La Iglesia es la reunión de los hombres en torno a Jesucristo, el Hijo de Dios (cf Catecismo 541). Él es la “luz grande” que brilla en medio de las sombras de muerte (cf Is 8,23-9,3; Mt 4,12-17). Las tinieblas simbolizan el error y la impiedad, la ignorancia y la confusión; en definitiva, el desconocimiento de Dios. En medio de esa oscuridad, resplandece Cristo, que quiere dar comienzo a su Iglesia mediante su predicación y la llamada a los primeros apóstoles.

Galilea, una tierra devastada y maltratada en tiempos del profeta Isaías, colonizada por poblaciones extranjeras, va a ser el escenario escogido por Dios para el inicio del ministerio de Jesús. Interpretando alegóricamente la Sagrada Escritura, algunos comentaristas medievales, como Rábano Mauro, ven en Galilea una figura de la Iglesia, “donde se verifica el tránsito de los vicios a las virtudes”, de la falsedad a la rectitud.

Allí el Señor empezó a predicar: “Convertíos, porque está cerca el Reino de los cielos”. La exhortación a la penitencia va unida al anuncio de un gran bien, la felicidad del Reino de Dios. La palabra de Cristo convoca a los hombres. En realidad, Él en persona es la Palabra “que da un nuevo horizonte a la vida y, con ello, una orientación decisiva” (Benedicto XVI). En sus palabras humanas se expresa Aquel que es la Palabra divina.

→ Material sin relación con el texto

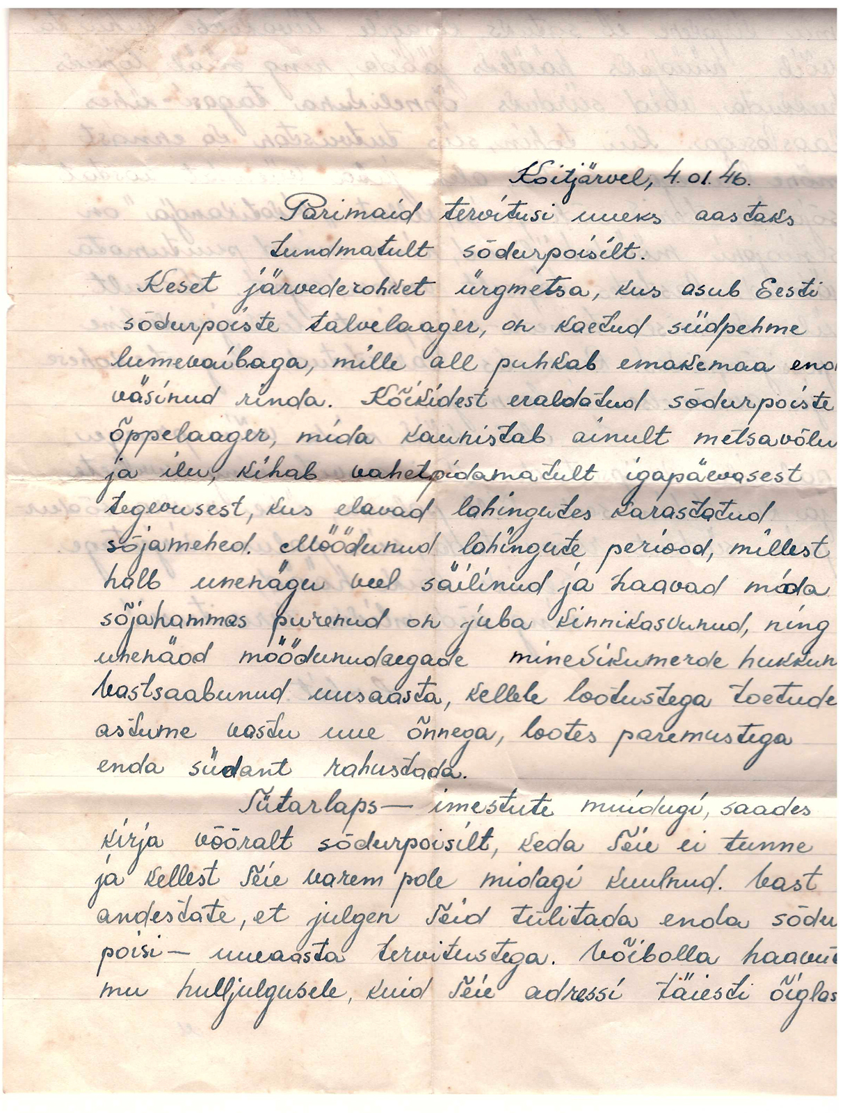 Sain oma valdusesse mõned kirjad ja tekkis paar küsimust.Nimelt keegi sõdurpoiss Lembit üritab kangesti ühe saarepiigaga kirjavahetust sättida.Ja kirjad on daatumiga jaanuar-märts 1946 Koitjärvel.Poiss kirjutab,et on talvelaagris ja teevad õppuseid.Et juba viies aasta läheb mundrit kandes ja ise on 25 aastat vana.Kas võib tegu olla Rootsis Göteborgi lähedal oleva eestlaste poolt soetatud maatükiga,mis sai sellise nime ja kus siis skaudid oma laagreid pidasid? Või nimetati kõik laagripaigad Koitjärveks.

Con la autoridad de su palabra, llama a los apóstoles: A Pedro y a Andrés, a Santiago y a Juan. Forma así una comunidad reunida alrededor de Él. En este caso no son los discípulos quienes eligen al maestro, sino que es el Maestro quien elige a los discípulos: “Venid y seguidme”. La llamada los vincula a su persona y les exige una decisión radical: dejarlo todo; es decir, poner en segundo plano lo que no puede ocupar el lugar de Dios.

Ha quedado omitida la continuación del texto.